++++ STORED DATA
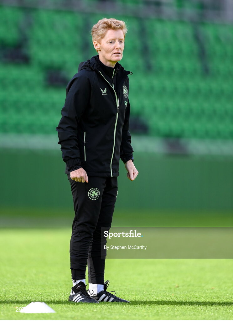 28 October 2024; Head coach Eileen Gleeson during a Republic of Ireland women's training session at Tallaght Stadium in Dublin. Photo by Stephen McCarthy/Sportsfile
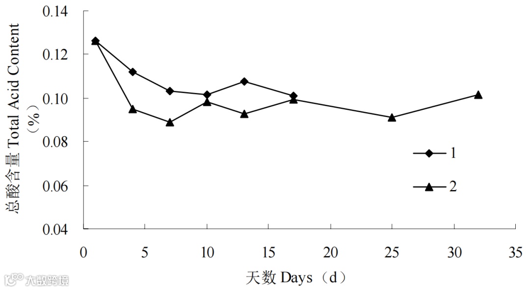 图 5 不同温度下莲雾果实中总酸含量的变化(1:常温 (25℃) 2:低温 (5℃))
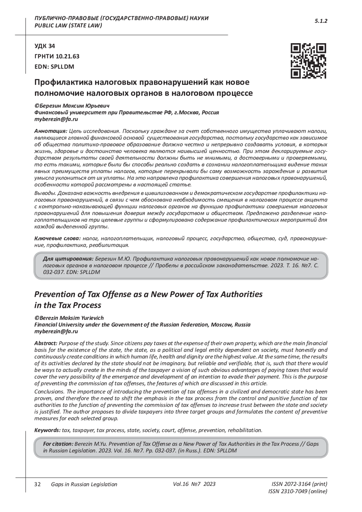 Цель исследования. Поскольку граждане за счет собственного имущества уплачивают налоги, являющиеся главной финансовой основой существования государства, постольку государство как зависимое об общества политико-правовое образование должно честно и непрерывно создавать условия, в которых жизнь, здоровье и достоинство человека являются наивысшей ценностью. При этом декларируемые государством результаты своей деятельности должны быть не мнимыми, а достоверными и проверяемыми, то есть такими, которые были бы способы реально создать в сознании налогоплательщика видение таких явных преимуществ уплаты налогов, которые перекрывали бы саму возможность зарождения и развития умысла уклониться от их уплаты. На это направлена профилактика совершения налоговых правонарушений, особенности которой рассмотрены в настоящей статье. Выводы. Доказана важность внедрения в цивилизованном и демократическом государстве профилактики налоговых правонарушений, в связи с чем обоснована необходимость смещения в налоговом процессе акцента с контрольно-наказывающей функции налоговых органов на функцию профилактики совершения налоговых правонарушений для повышения доверия между государством и обществом. Предложено разделение налогоплательщиков на три целевые группы и сформулировано содержание профилактических мероприятий для каждой выделенной группы.
++++++++
* INSTRUCTIONS TO FOLLOW
An exact copy of the material is required, minus the pictures.

* ANSWER TO THE PROBLEM
 28 October 2024; Head coach Eileen Gleeson during a Republic of Ireland women's training session at Tallaght Stadium in Dublin. Photo by Stephen McCarthy/Sportsfile
 图 5 不同温度下莲雾果实中总酸含量的变化(1:常温 (25℃) 2:低温 (5℃))
 Цель исследования. Поскольку граждане за счет собственного имущества уплачивают налоги, являющиеся главной финансовой основой существования государства, постольку государство как зависимое об общества политико-правовое образование должно честно и непрерывно создавать условия, в которых жизнь, здоровье и достоинство человека являются наивысшей ценностью. При этом декларируемые государством результаты своей деятельности должны быть не мнимыми, а достоверными и проверяемыми, то есть такими, которые были бы способы реально создать в сознании налогоплательщика видение таких явных преимуществ уплаты налогов, которые перекрывали бы саму возможность зарождения и развития умысла уклониться от их уплаты. На это направлена профилактика совершения налоговых правонарушений, особенности которой рассмотрены в настоящей статье. Выводы. Доказана важность внедрения в цивилизованном и демократическом государстве профилактики налоговых правонарушений, в связи с чем обоснована необходимость смещения в налоговом процессе акцента с контрольно-наказывающей функции налоговых органов на функцию профилактики совершения налоговых правонарушений для повышения доверия между государством и обществом. Предложено разделение налогоплательщиков на три целевые группы и сформулировано содержание профилактических мероприятий для каждой выделенной группы.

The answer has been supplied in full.